^z 13th August 2024 at 7:43am
At a presentation last month titled "If Not Now, Zen?", Blaise Aguirre, M.D. (Medical Director, McLean Hospital, Harvard Medical School) offered a hierarchical list of "Mindfulness Skills". Slightly edited for parallelism and style:
- WHAT Skills
- Observe
- Just notice your experience (thoughts, feelings, sensations) without labeling them.
- Just notice and attend with all of your senses.
- Describe
- Put words to the experience (fact, not opinion).
- Act as if you are a researcher making observations for an experiment.
- Notice judgmental words and labels as these can cause distress.
- Participate
- Participate without self-consciousness.
- Enter fully into the experience.
- Don't separate yourself from the activity.
- Participate in the moment you are in as if that moment is all that matters.
- Observe
- HOW Skills
- With intention
- Without judgment
- Judgments are short-hand assessments of an experience and inherently miss or leave out information.

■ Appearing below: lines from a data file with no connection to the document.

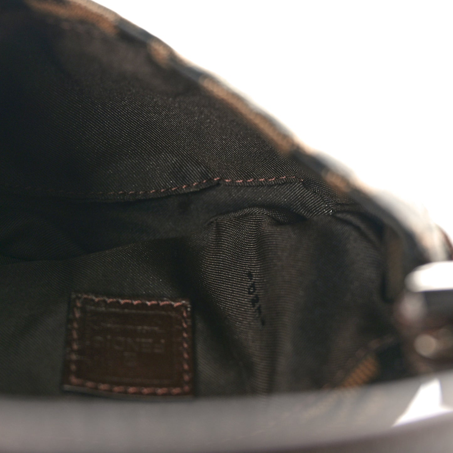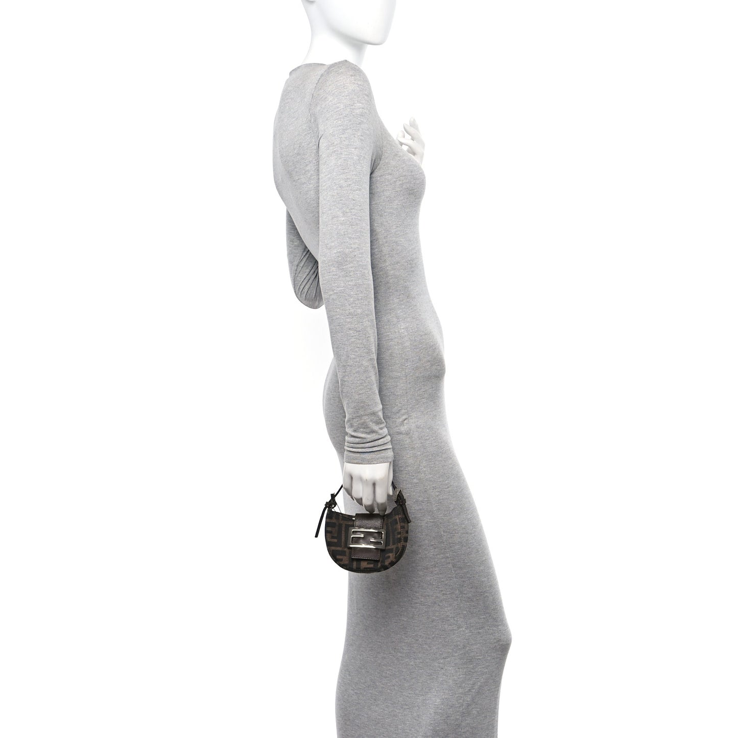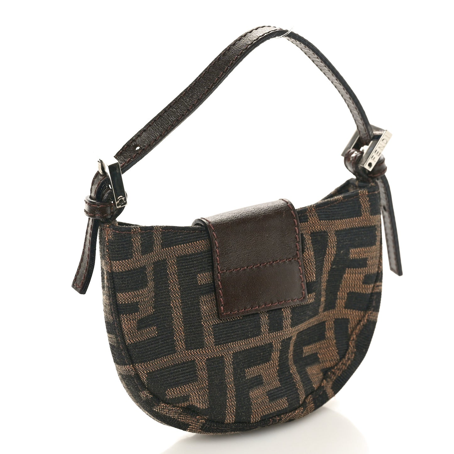 This is the gorgeous and authentic FENDI Zucca Mini Half Moon Baguette in Tobacco. The bag is a simple pocket with a wide strap closure to keep it secure. The minimal crescent shape is made of Fendi zucca monogram, and features a leather strap handle with silver hardware. This is complemented by silver hardware accents featuring a bold Fendi double F seal closure on the front of the bag. The interior of the bag is a brown fabric.Follow this item for alerts. Fendi is a registered trademark of Fendi. FASHIONPHILE is not affiliated with Fendi.
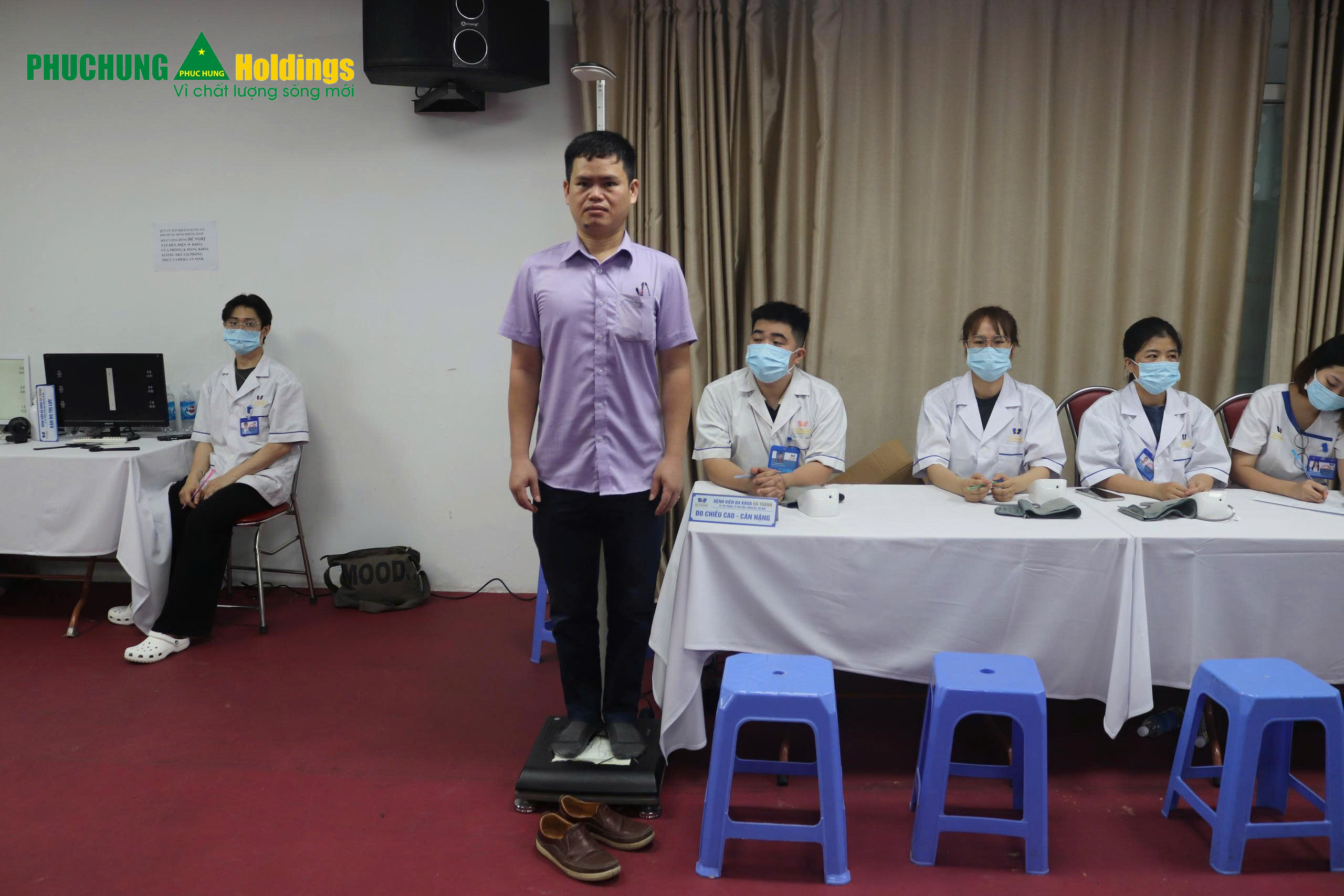 Người lao động được kiểm tra đo chiều cao, cân nặng, huyết áp trước khi khám chuyên khoa
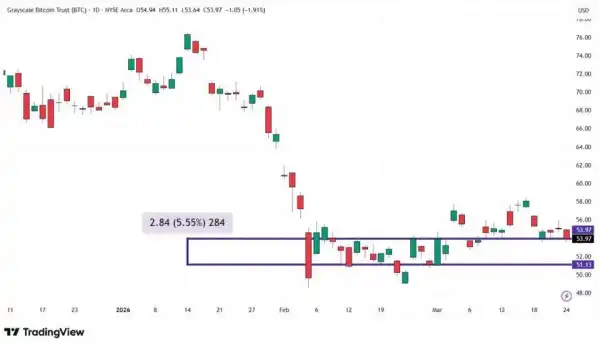 На п'ятому місці розташувався спотовий біткоін-ETF компанії Grayscale, Grayscale Bitcoin Trust, з ринковою капіталізацією $37,36 млрд. Його акції (паї) у березні зросли на 5,55%. Іранська криза та внутрішні економічні проблеми США майже не позначились на динаміці паперів. Найбільшого впливу справило зростання біткоїну, за ціною якого і слідує фонд. Цікаво, що з 1 квітня Grayscale Bitcoin Trust змінить свій бенчмарк. Якщо до цієї дати фонд буде проводити розрахунки чистих активів відповідно до CoinDesk Bitcoin Price Index (XBX), то після цього збирається орієнтуватися на CoinDesk Bitcoin Benchmark Rate. Відтік коштів із GBTC у березні продовжився і склав $110,97 млн.
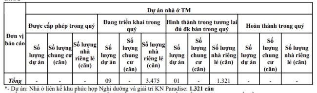 Bên cạnh đó, Khánh Hòa đang có 10 dự án nhà ở thương mại gồm 9 dự án đang triển khai trong quý với 3.475 căn nhà riêng lẻ và 1 dự án hình thành trong tương lai với 1.321 căn nhà riêng lẻ.
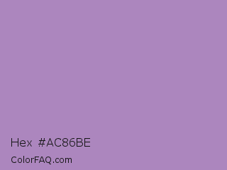 Hex #ac86be Color is a light purple color and the nearest color is African Violet #b284be. Hex code #ac86be and RGB value is rgb(172,134,190). In RGB color space, this color is composed of 67% red, 53% green, 75% blue, In CMYK color space, this color is composed of 9% cyan, 29% magenta, 0% yellow , 25% black , In HSL color space, this color has a hue angle of 281° , 30% saturation and 64% lightness.
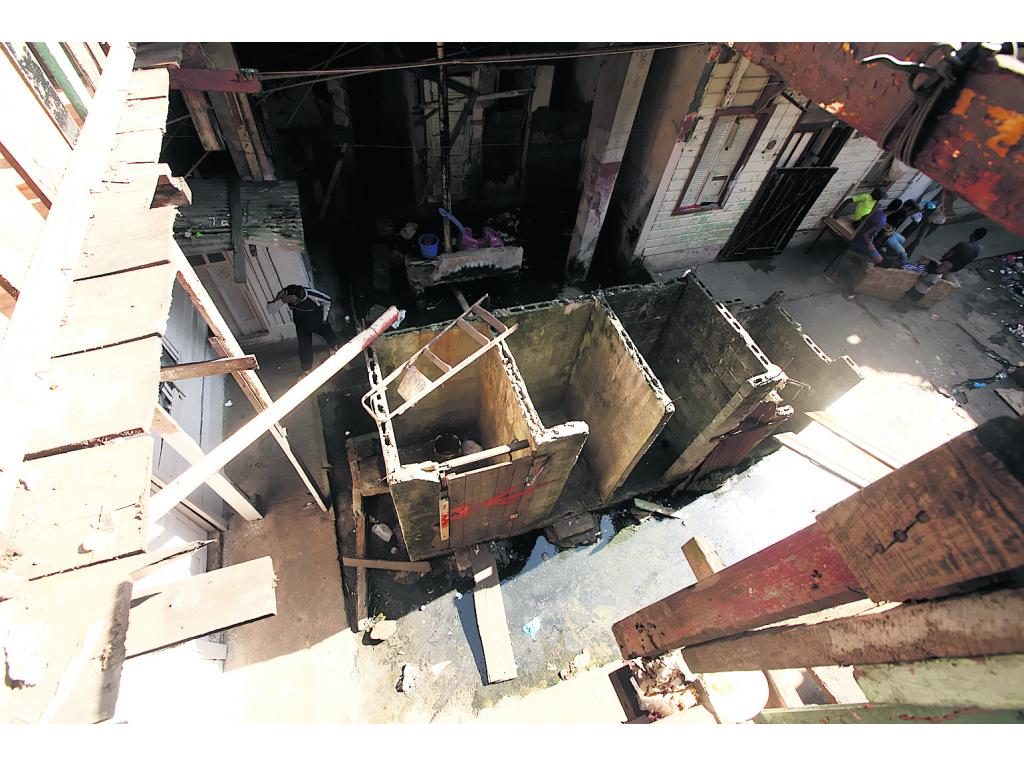 Las necesidades se hacen en un baño común en medio de un lúgubre solar, sin puertas, sin drenaje, sin inodoros. Las personas que viven en el primer piso suben a sus piezas por escaleras que a veces les faltan dos a tres escalones, y al pasar sobre ellas se estremecen.
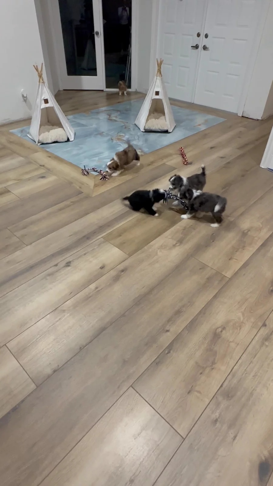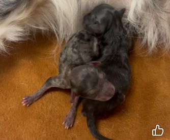 One Blue Merle female, and one red Merle male have been reserved. We have three Blue Merle males and one black-and-white female available.🥰🐾
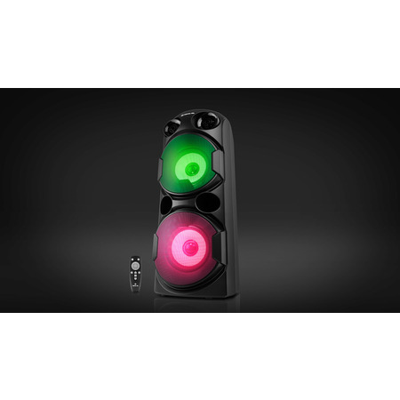 Ця колонка також має два мікрофонні входи з регулюванням гучності та ефектом луна, що робить її чудовим варіантом для караоке, ведення заходів або голосових анонсів. Керування колонкою можна виконувати як вручну, так і за допомогою пульта дистанційного керування.
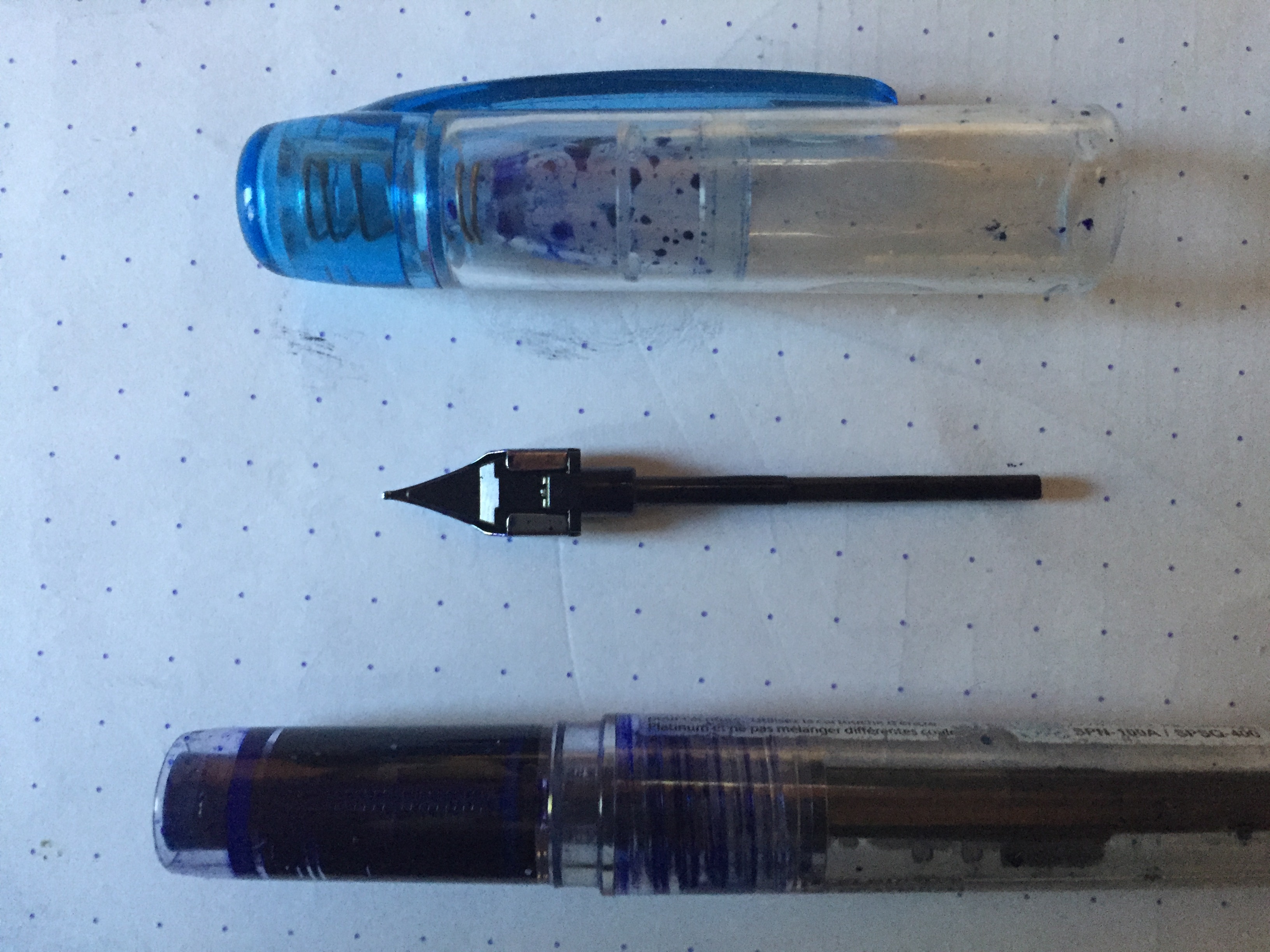 La penna di Monet63 si basa su uno stoppino che funziona un po' come per i trattopen, mentre la Carioca non ha uno stoppino ma uno spillo plastico, qualcosa di analogo a quello delle Platinum anche se non uguale. Perciò il funzionamento buono o meno della Carioca è più stabile nel tempo, quanto meno perché non c'è lo stoppino che via via si impregnerà sempre di più e non si riuscirà più a pulirlo totalmente.
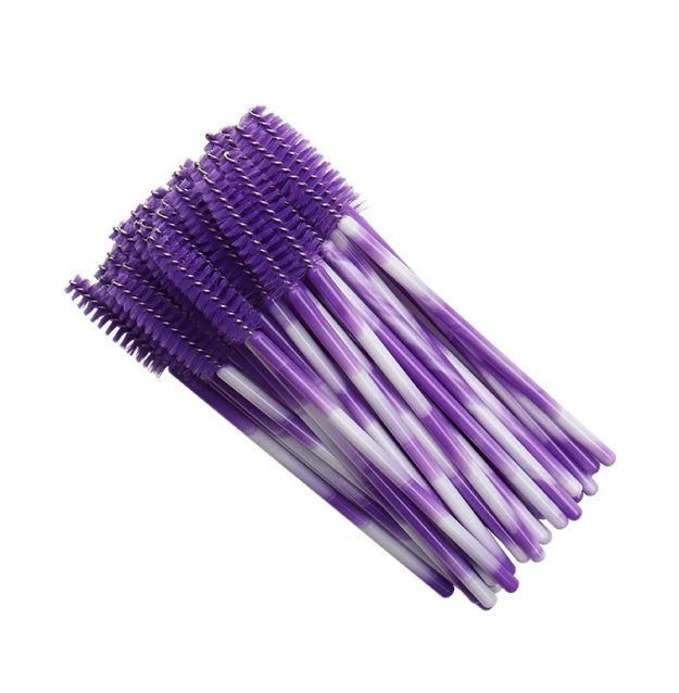 Щіточки для брів нейлонові (ручка фіолетово-біла, ворс фіолетовий) 50 шт.
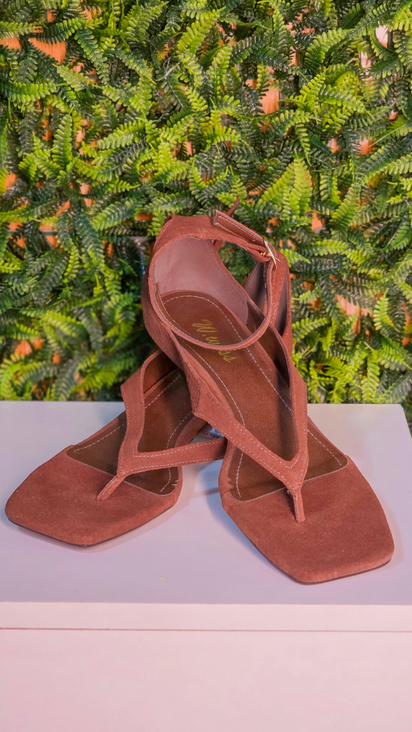 Sandália feminina de tiras em material sintético com acabamento aveludado, na cor marrom. O modelo possui solado rasteiro e emborrachado, com leve elevação traseira que proporciona mais conforto e estabilidade ao caminhar. De biqueira quadrada, apresenta cabedal com design moderno em tiras finas que se cruzam sobre o pé, formando um visual delicado e elegante. O modelo conta ainda com tira ajustável no tornozelo com fivela metálica, garantindo melhor ajuste e segurança ao calçar. Com palmilha macia e aberta, a sandália valoriza o pé e traz leveza para as produções do dia a dia.
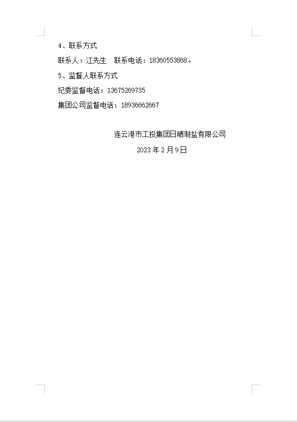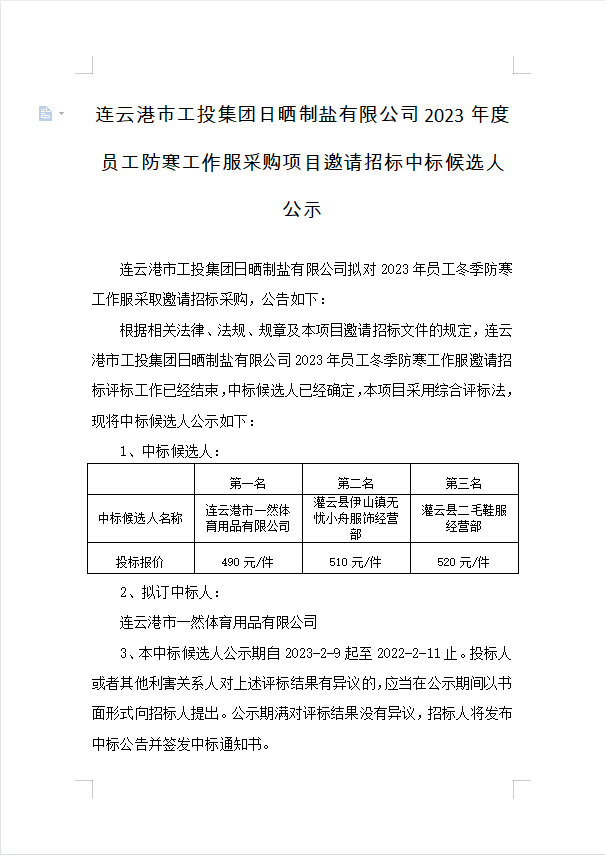 连云港市工投华体会(中国)日晒制盐有限公司2023年度员工防寒工作服采购项目邀请招标中标候选人公示

- Common judgments are: good, bad, stupid, ugly, pretty or what "should" or "should not be."
- Judgments get in the way of evaluating and assessing.
- Judgments prevent further curiosity.
- Judgments are often habitual.
- Judgments enhance "negative" emotions (sadness, anger, guilt, shame).
- Focusing on one thing in the moment
- One-mindfully is deceivingly simple.
- Do one and only one thing in the moment.
- Let go of attempts to multi-task.
- Non reactively
- Simply observe: Don't suppress or enhance.
- Be open, curious, accepting.
- Patiently allow emotions and sensations to unfold in their own time. Breathe!
- Effectively
- Do what the situation calls for.
- Let go of being right and turn to being effective.
- Build awareness so that you do not make the situation worse.